Counterfactual Operator Implementation

The counterfactual operator (□→) demonstrates the framework's approach:

Truth Conditions

def true_at(self, leftarg, rightarg, eval_point):
    """A `□→` B is true at w iff:
    For all verifiers x of A and all x-alternatives u to w,
    B is true at u"""
    return ForAll([x, u],
        Implies(
            And(extended_verify(x, leftarg, eval_point),
                is_alternative(u, x, eval_point["world"])),
            true_at(rightarg, {"world": u})
        ))

Falsity Conditions

def false_at(self, leftarg, rightarg, eval_point):
    """A `□→` B is false at w iff:
    There exists a verifier x of A and x-alternative u to w
    where B is false at u"""
    return Exists([x, u],
        And(extended_verify(x, leftarg, eval_point),
            is_alternative(u, x, eval_point["world"]),
            false_at(rightarg, {"world": u})))

This implementation captures the hyperintensional nature of counterfactuals where quantifying over alternative worlds depend on which specific verifier of the antecedent we consider.

Theory Examples

Each semantic theory includes an examples.py module with a range of examples.

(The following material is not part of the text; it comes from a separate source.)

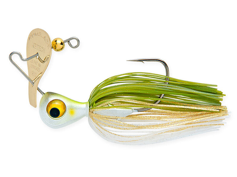 Rumblade Jigs är bladed jigs utvecklade av KEITECH, där bladet är fäst vid jiggen med en tråd – liknande en spinnerbait. Detta har flera fördelar. För det första agerar bladet så snart det kommer i kontakt med vatten, eftersom tråden håller det i optimal position och beten kan provoceras även på små ytor. Den fasta rörelseomfånget hos bladet möjliggör också en mycket snabb betespresentation utan att jiggen tippar över. En annan fördel med tråden är att Rumblade jigs glider nästan utan att fastna över hinder, så de kan fiskas som spinnerbaits i vattenområden med mycket hinder. Efter kastet tumlar Rumblade Jig förföriskt mot botten på grund av det stela bladet och beten är möjliga när som helst. Dessutom överför den speciella bladfästningen rörelsen till hela betet, så att Rumblade Jigs inklusive kjol och trailer fungerar mycket bra. Med bladjigs är ljudet som bladet ger när det träffar jiggen också mycket viktigt för deras förmåga att fånga fisk. KEITECH har valt en design som gör att bladet slår mot jigghuvudet och mässingspärlan som är fäst vid tråden. Rumblade-jigs är dessutom utrustade med högkvalitativa silikonkjolar, en matchande hållare för trailers och krokar med en stor böj speciellt tillverkad av DECOY. Slimma 4“ - 5” mjukbeten (10 - 12,5 cm), kräftor eller swimbaits passar mycket bra som trailers för att locka stora abborrar, gäddor och självklart även gös på kroken!

The following subsection will focus on counterfactual conditionals.

Counterfactual Conditionals

Example 1: Counterfactual Antecedent Strengthening (Invalid)

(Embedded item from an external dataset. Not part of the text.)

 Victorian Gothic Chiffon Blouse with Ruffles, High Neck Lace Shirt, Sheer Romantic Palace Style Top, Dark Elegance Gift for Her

# Enable specific examples in examples.py
example_range = {
    "CF_CM_1": CF_CM_1_example,   # Antecedent strengthening
    "CF_TH_5": CF_TH_5_example,    # Simplification of disjunctive antecedent
}

# Run the examples
./dev_cli.py src/model_checker/theory_lib/logos/subtheories/counterfactual/examples.py

Output for CF_CM_1:

EXAMPLE CF_CM_1: there is a countermodel.

Premises:
1. `¬A`
2. `(A □→ C)`

Conclusion:
3. `((A ∧ B) □→ C)`

The evaluation world is: b.c

INTERPRETED PREMISES:
1. `|¬A| = < {b.c}, {a, a.b.c.d} >` (True in b.c)
2. `|(A □→ C)| = < {a.c, b.c}, {a.d} >` (True in b.c)
     `|A|`-alternatives to b.c = {a.c}
     `|C| = < {a.c}, {a.b.c.d, a.b.d, a.d, b} >` (True in a.c)

INTERPRETED CONCLUSION:
3. `|((A ∧ B) □→ C)| = < {}, {a.c, a.d, b.c} >` (False in b.c)
     `|(A ∧ B)|`-alternatives to b.c = {a.d}
     `|C| = < {a.c}, {a.b.c.d, a.b.d, a.d, b} >` (False in a.d)

This shows that "If A were true then C" doesn't entail "If A and B were true then C" since the additional condition B can change which alternatives are relevant to quantify over. For instance, just because the match would light if it were struck, it does not follow that the match would light if it were struck when wet.

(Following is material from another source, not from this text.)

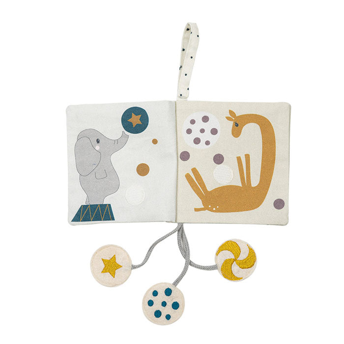 Libër i bukur me printime të ëmbla, faqe që rrudhen dhe me shumë gjëra që ndodhin. Topat mund të hiqen dhe të ngjiten me velcro. Thjesht vendosini ato në pikat e duhura, a mund ta bëni? Lehtë për t’u ngjitur në karrigen ose karrocën e fëmijës suaj. Ofron orë pafund argëtimi dhe në të njëjtën kohë stimulon aftësitë e shkëlqyera motorike dhe shqisën e prekjes.

Example 2: Simplification of Disjunctive Antecedent (Valid Theorem)

Output for CF_TH_5:

EXAMPLE CF_TH_5: there is no countermodel.

Premise:
1. `((A ∨ B) □→ C)`

Conclusion:
2. `(A □→ C)`

Z3 Run Time: 0.0342 seconds

This theorem shows that counterfactuals satisfy simplification of disjunctive antecedent: assuming C would be the case if either A or B were the case, it follows that C would be the case if A alone were the case (similarly for for B).

Running Examples

To run specific examples from a theory:

• Edit the example_range dictionary in the theory's examples.py file
• Run with dev_cli.py:

  ./dev_cli.py src/model_checker/theory_lib/logos/subtheories/[subtheory]/examples.py
  

Available Theories

Logos: Hyperintensional Truthmaker Semantics

• 19 operators across 5 modular subtheories
• Sensitive to differences in subject-matter via verifier/falsifier sets
• Distinguishes necessarily equivalent propositions
• Supports modal, counterfactual, constitutive, and relevance reasoning

Exclusion: Unilateral Semantics

• Implements Bernard & Champollion's exclusion operator in a unilateral semantic
• Uses witness predicates for proper negation handling

Imposition: Fine's Counterfactual Semantics

• Evaluates counterfactuals via imposition
• Uses primitive imposition relation on states

Bimodal: Temporal-Modal Logic

• Facilitates reasoning about time and possibility
• World histories as functions from times to world states
• Includes past, future, and modal operators

Tools

• Multiple Model Generation: Set 'iterate': n in settings to find up to n distinct models
• Theory Comparison: Define multiple theories in semantic_theories dictionary
• Constraint Visualization: Set 'print_constraints': True to see Z3 constraints
• Impossible State Analysis: Set 'print_impossible': True to examine impossible states
• Z3 Output: Set 'print_z3': True for raw solver output
• Model Saving: Set 'save_output': True to save results to file
• Theory Maximization: Set 'maximize': True to compare theories systematically

For comprehensive guidance on theory comparison, avoiding circular imports, and advanced multi-theory setups, see Theory Comparison Guide.

Documentation

• GitHub Repository - Full documentation and source code
• Development Guide - Contributing and development workflow
• Theory Documentation - Detailed theory specifications
• Academic Background - Theoretical foundations

Contributing

Contributions are welcome! See our GitHub repository for:

• Contributing guidelines
• Development setup instructions
• Issue tracking
• Pull request procedures

Academic Citations

If you use ModelChecker in your research, please cite:

• Brast-McKie, B. (2025). Model-Checker: A Programmatic Semantics Framework. https://github.com/benbrastmckie/ModelChecker

The theories implemented with the ModelChecker are developed in:

• Brast-McKie, B. (draft). "The Construction of Possible Worlds".
• Brast-McKie, B. (2025). "Counterfactual Worlds", Journal of Philosophical Logic
• Brast-McKie, B. (2021). "Identity and Aboutness". Journal of Philosophical Logic, 50, 1471-1503.

License

GPL-3.0 - see LICENSE for details.

Support

• Issues: GitHub Issues
• Discussions: GitHub Discussions
• Documentation: Project Wiki

Building and Testing Semantic Theories

ModelChecker provides a framework for developing, testing, and comparing semantic theories for logical operators. The current implementation focuses on the objective fragment of the language, with operators for:

• Extensional logic: Classical connectives (∧, ∨, ¬, →, ↔)
• Modal logic: Necessity and possibility (□, ◇)
• Counterfactual logic: Would and might counterfactuals (□→, ◇→)
• Constitutive logic: Grounding, essence, and identity (≤, ⊑, ≡)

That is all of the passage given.